National Endowment for Democracy President Carl Gershman spoke for all who knew and worked with Nadia, saying, “Nadia blessed us with her work, her dedication, her brilliance, and her friendship.  We loved her deeply, and she will be missed by us all. May her soul rest in peace.”

The daughter of Ukrainian refugees who fled to Great Britain during World War II, Nadia dedicated her life and work to the advancement of freedom and democracy not just in Ukraine, but throughout the entire region that had been dominated by, and later liberated from, the Soviet Union.

Nadia came to NED as a program officer in 1987, three years after the Endowment’s founding, and went on to lead the NED’s grant making in Europe and Eurasia, providing crucial support to countless civil-society groups throughout Eastern Europe and the Soviet Union.  Later in her career, she added Latin America and the Caribbean and Africa programs to her NED portfolio.

On January 22, 2019, a day before her passing, Nadia received The Order of Princess Olga (III degree), one of Ukraine’s highest state honors, from the President of Ukraine in recognition of her life’s work in furthering democracy and supporting Ukraine’s sovereignty.

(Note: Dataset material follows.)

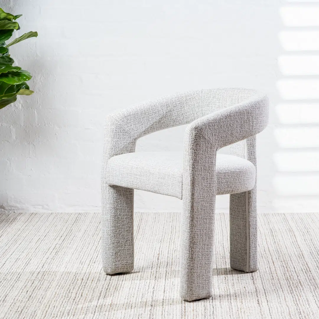 Transform your dining space with this bold yet inviting chair featuring two distinct fabric options: textured boucle or smooth linen. Choose from warm sand or vibrant orange tones to create a dynamic interplay of textures and colors in your room. The tactile boucle fabric adds depth and dimension, while the linen upholstery offers a crisp, refined finish – both designed to complement contemporary interiors.

Marc Plattner, the co-editor of NED’s Journal of Democracy and first Director of Programs, and who worked closely with Nadia throughout her tenure at NED, reflected that “Nadia was deeply committed to her Ukrainian heritage, but she was no less committed to freedom and democracy–not only for the people of Ukraine, but for peoples everywhere. She will be sorely missed by all who witnessed her unrelenting labors in support of democracy in the former Soviet bloc and around the world.”

A historian by training, Nadia’s work was informed by her deep knowledge and research about the diverse peoples of the Soviet Union and the “Captive Nations.”  She co-authored two books, the Hidden Nations (1990), and New Nations Rising (1992), detailing the struggles of these populations for freedom and self-determination.  In 2012, she authored a third book, The Next Generation in Russia, Ukraine, and Azerbaijan.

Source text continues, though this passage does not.